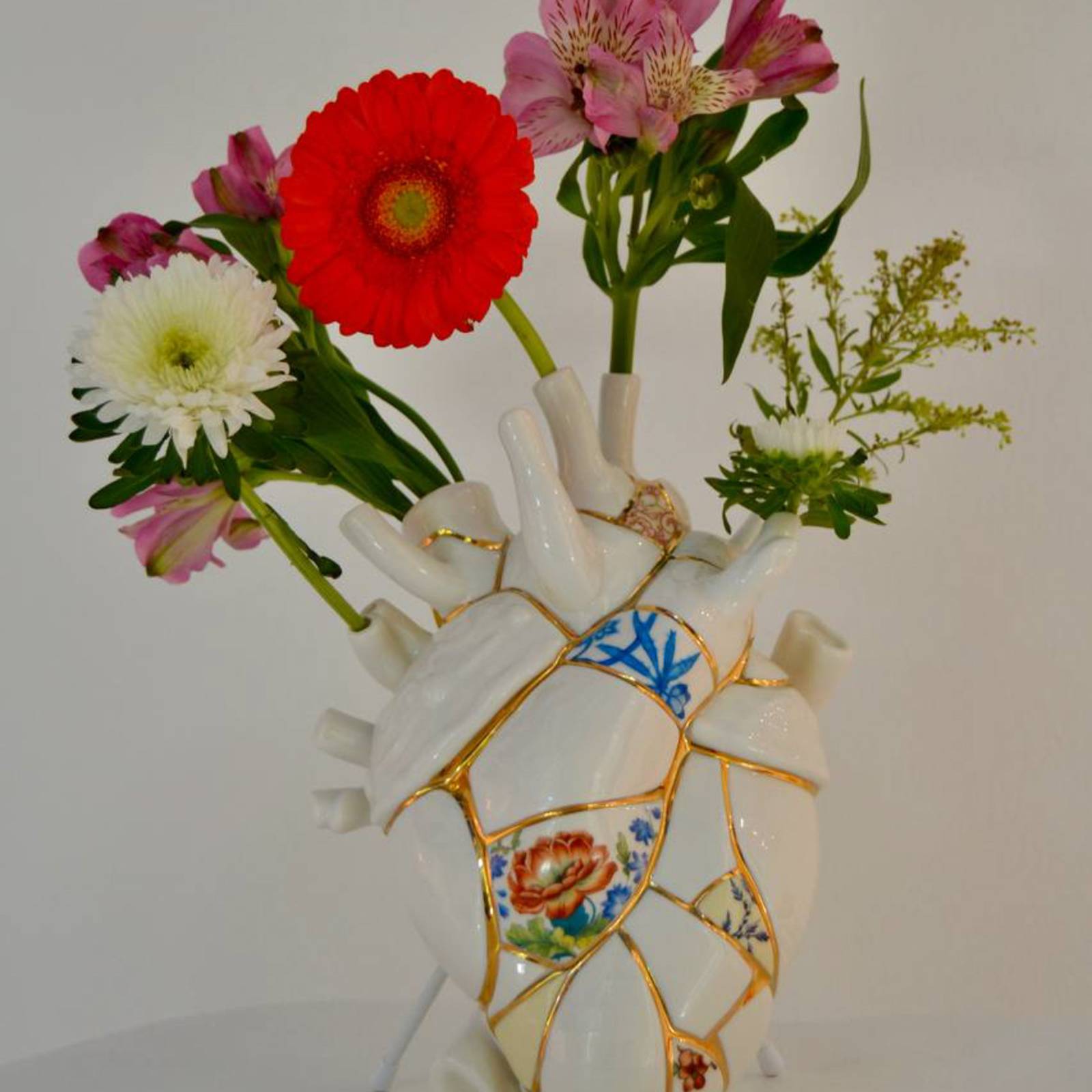 Love in Bloom Kintsugi vaas van porselein met gouden details Met de Love in Bloom Kintsugi vaas steekt de Italiaanse fabrikant SELETTI de bloemen figuurlijk door de aderen in het hart, alsof het hart de bloembol is waaruit de knoppen van de emotie bloeien. Een hart dat als bijna niets anders het leven symboliseert, vertelt ons nu zijn verhaal met een sterke identiteit en esthetiek met zijn fragmenten verbonden door lijnen van goud. Inclusief standaard en geschenkverpakking.
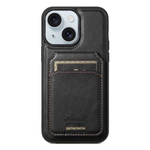 Funda para iPhone 15 Suteni H15 Magsafe Oil Eax Cuero con Billetera Desmontable (Negro)
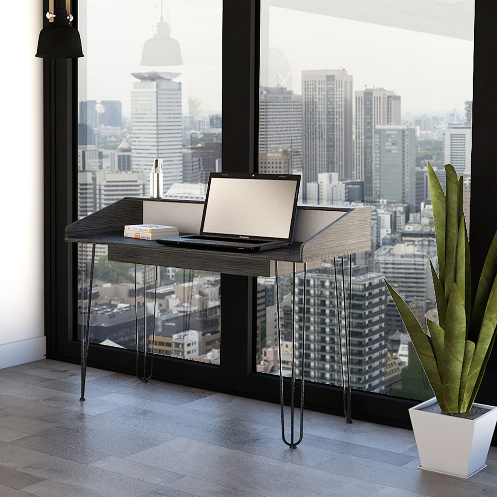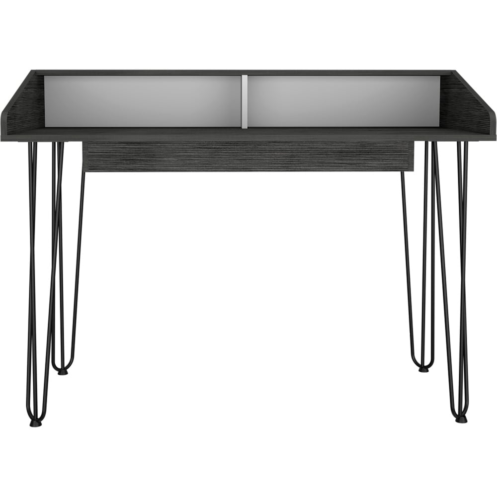 Add style to your productive space with this Dallas White and Carbon Grey Home Office Desk. This stylish and functional desk features a reinforced desk base for stability along with steel hairpin legs. It is made in an easy-to-clean, hardwearing white and carbon grey oak effect melamine finish and features a coordinating upstand.
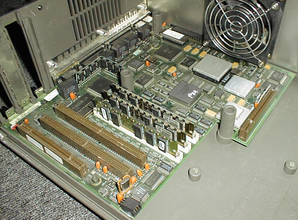 The integration of the 16/20 MHz model is similar to the 50Z: the planar board only occupies about half of the space the case offers. Once again, some vertically-mounted daughter PCBs help reducing the size of the main board. In detail, the following circuits were moved to daughter cards:
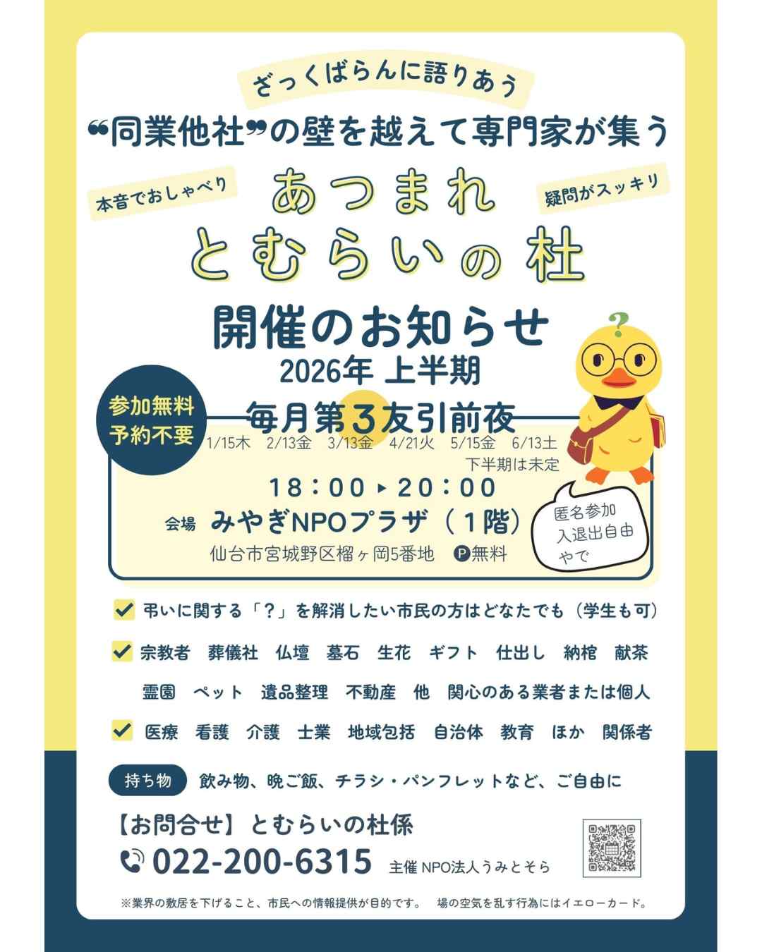 2026年2月13日(金)弔いに関する「?」を相談しに来れる場所。 あつまれ とむらいの杜【開催】次回2026/2/13
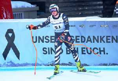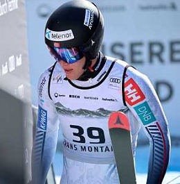 Sam MORSE, bib number 51, USA, Finish Line, Men's Downhill at Audi FIS Ski World Cup 2025-26 in Crans Montana, Switzerland, 2026-02-01, Photo Credit: action press / Pierre Teyssot AG KARMAPRESS-AG ALDO LIVERANI SAS
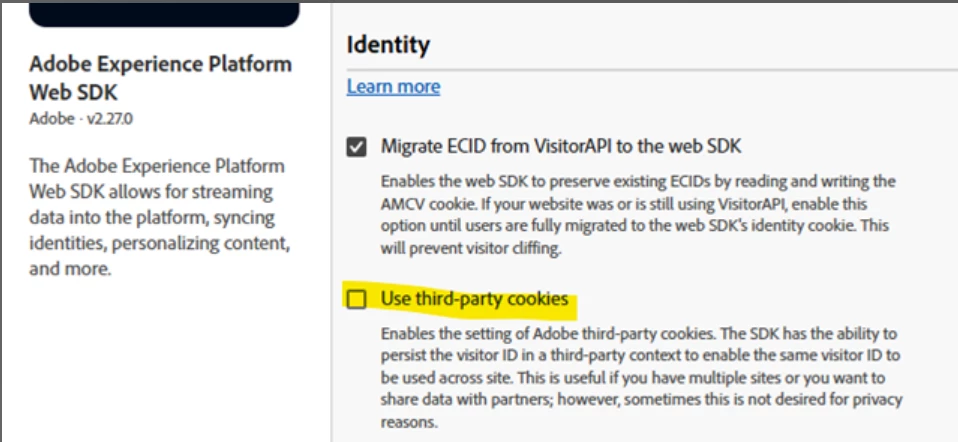 - For variables: disableThirdPartyCalls & disableThirdPartyCookies - In WebSDK, we can enable/disable from "Use third-party cookies" setting within Identity section of Web SDK extension.
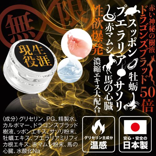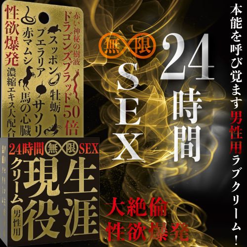 24時間無限セックスクリーム(男性用)24時間無限セックスクリーム(男性用)特別価格:2,980円 ■内容量:12g ハリウッドのセレブも愛用する南米産のラブ素材である赤い神秘の樹液「ドラゴンズブラッド」を12倍濃縮エキスで配合し大絶倫! 性欲爆発! を促す男性用の温感ラブクリーム! 刺激物に頼らない、グリセリンが主成分の温感クリームなので、媚薬特性のヒリヒリ感がありません。もちろん、安心の日本製です。 衰えを感じた男性におすすめする「男性力」が大復活するラブグッズです。 ※薬事法の関係により、詳しい商品説明は省かせていただきます。 ※当店では正規の取り扱い卸業者から仕入れた、正規品の媚薬のみを販売しております
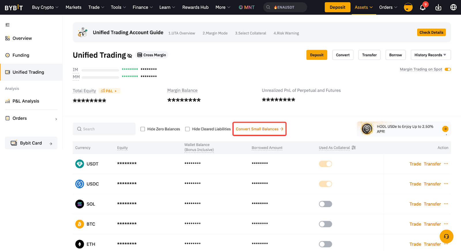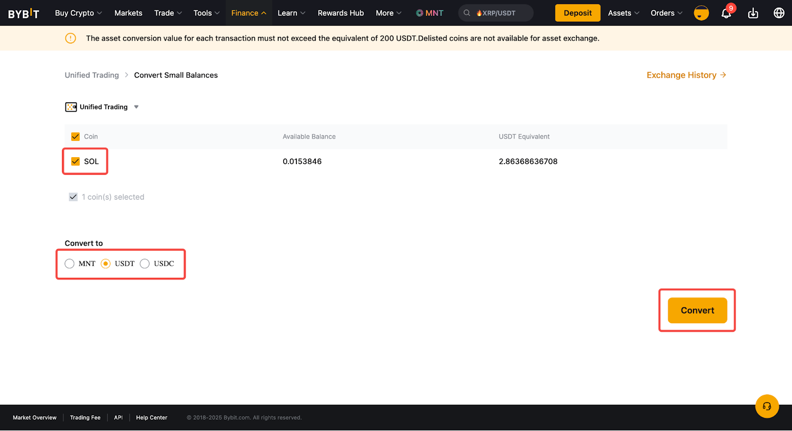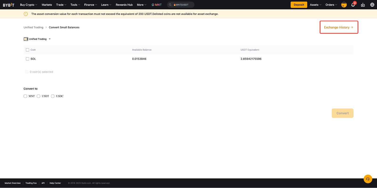 Bybit TR hesabınızdaki küçük varlıkların kullanımını iyileştirmek için, 0,001 BTC veya eşdeğerinden daha düşük değerdeki varlıkları dört basit adımı izleyerek tek bir dönüşümde MNT, USDT veya USDC'ye dönüştürebilirsiniz. Düşük bakiyelerin dönüştürülmesi, hem Fonlama Hesabı hem de Birleştirilmiş Alım Satım (UTA) kullanılarak desteklenir. Lütfen düşük bakiye dönüşümünün her 1 saatte bir ile sınırlı olduğunu unutmayın.

# Assignment
Repeat the entries above exactly and skip the images.

# Your response
 Love in Bloom Kintsugi vaas van porselein met gouden details Met de Love in Bloom Kintsugi vaas steekt de Italiaanse fabrikant SELETTI de bloemen figuurlijk door de aderen in het hart, alsof het hart de bloembol is waaruit de knoppen van de emotie bloeien. Een hart dat als bijna niets anders het leven symboliseert, vertelt ons nu zijn verhaal met een sterke identiteit en esthetiek met zijn fragmenten verbonden door lijnen van goud. Inclusief standaard en geschenkverpakking.
 Funda para iPhone 15 Suteni H15 Magsafe Oil Eax Cuero con Billetera Desmontable (Negro)
 Add style to your productive space with this Dallas White and Carbon Grey Home Office Desk. This stylish and functional desk features a reinforced desk base for stability along with steel hairpin legs. It is made in an easy-to-clean, hardwearing white and carbon grey oak effect melamine finish and features a coordinating upstand.
 The integration of the 16/20 MHz model is similar to the 50Z: the planar board only occupies about half of the space the case offers. Once again, some vertically-mounted daughter PCBs help reducing the size of the main board. In detail, the following circuits were moved to daughter cards:
 2026年2月13日(金)弔いに関する「?」を相談しに来れる場所。 あつまれ とむらいの杜【開催】次回2026/2/13
 Sam MORSE, bib number 51, USA, Finish Line, Men's Downhill at Audi FIS Ski World Cup 2025-26 in Crans Montana, Switzerland, 2026-02-01, Photo Credit: action press / Pierre Teyssot AG KARMAPRESS-AG ALDO LIVERANI SAS
 - For variables: disableThirdPartyCalls & disableThirdPartyCookies - In WebSDK, we can enable/disable from "Use third-party cookies" setting within Identity section of Web SDK extension.
 24時間無限セックスクリーム(男性用)24時間無限セックスクリーム(男性用)特別価格:2,980円 ■内容量:12g ハリウッドのセレブも愛用する南米産のラブ素材である赤い神秘の樹液「ドラゴンズブラッド」を12倍濃縮エキスで配合し大絶倫! 性欲爆発! を促す男性用の温感ラブクリーム! 刺激物に頼らない、グリセリンが主成分の温感クリームなので、媚薬特性のヒリヒリ感がありません。もちろん、安心の日本製です。 衰えを感じた男性におすすめする「男性力」が大復活するラブグッズです。 ※薬事法の関係により、詳しい商品説明は省かせていただきます。 ※当店では正規の取り扱い卸業者から仕入れた、正規品の媚薬のみを販売しております
 Bybit TR hesabınızdaki küçük varlıkların kullanımını iyileştirmek için, 0,001 BTC veya eşdeğerinden daha düşük değerdeki varlıkları dört basit adımı izleyerek tek bir dönüşümde MNT, USDT veya USDC'ye dönüştürebilirsiniz. Düşük bakiyelerin dönüştürülmesi, hem Fonlama Hesabı hem de Birleştirilmiş Alım Satım (UTA) kullanılarak desteklenir. Lütfen düşük bakiye dönüşümünün her 1 saatte bir ile sınırlı olduğunu unutmayın.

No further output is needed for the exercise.